In fact, with C++11, all of the problems go away if you change the
declaration of pInstance to:
static std::atomic<Singleton*> pInstance;
*viola*
Mike
It means that within the bounds of C++98/03 you can't reliably use
threads. The reason we do and have been using them for a long time is
that the threading libraries (like POSIX threads) have additional
guarantees. However, when you use DLCP you forgo those guarantees
since you access a shared entity outside of the protected scope.
Generally, you couldn't use DLCP in any way portably and reliably.
One could still make it work if one bothered to write very
platform-specific code (for a specific compiler/OS/hardware) and
make sure that volatile does what you expect and by using right
memory barriers. But as a general rule, you couldn't do that.
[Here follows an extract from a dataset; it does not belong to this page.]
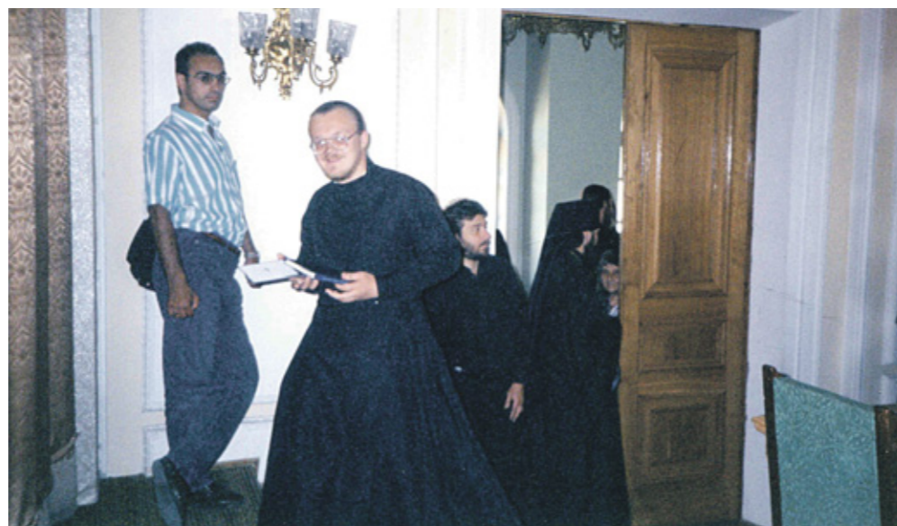
✦ Московская Духовная семинария

— Три с половиной года, если мне не изменяет память, я прослужил там. Конечно, там для меня все было ново. В Центральной России я не служил. Это был мой второй приход. Первый — в Николе-Березовке, и потом Острогжск. Конечно, интересно, необычно. Свои традиции, которые народ очень чтит,

And
not the least because even the use of volatile + memory barriers
for threading is not guaranteed to give you the results you want.
In the C++0x (or should we start calling it C++11 ?) You're perfectly
able to do this portably with the use of atomics and correct ordering
directives.
HTH,
Andy.
Different threads may see writes to separate variables in different
orders, unless there is appropriate synchronization used.
e.g. thread A writes x=1, y=2. Threads B and C both read y and then x.
Thread B sees y==2, x==1. Thread C sees y==2, x==0.
Unless you have explicit synchronization, such as a mutex lock, this
is a valid outcome. Technically, this is undefined behaviour by the C+
+11 standard, unless x and y are atomic variables, and even then if
the operations are memory_order_relaxed then this outcome is still
permitted.
Anthony
--
Author of C++ Concurrency in Action http://www.stdthread.co.uk/book/
just::thread C++0x thread library http://www.stdthread.co.uk
Just Software Solutions Ltd http://www.justsoftwaresolutions.co.uk
15 Carrallack Mews, St Just, Cornwall, TR19 7UL, UK. Company No.
5478976
on Wed Aug 17 2011, nospam <nospam-AT-nospam.nospam> wrote:
> There is something in this article that puzzles me
> http://www.aristeia.com/Papers/DDJ_Jul_Aug_2004_revised.pdf
>
> The article says the following code may not work correctly in a
> multi-threaded environment for two reasons. The code has volatile all
> over the place to prevent the compiler from re-ordering code.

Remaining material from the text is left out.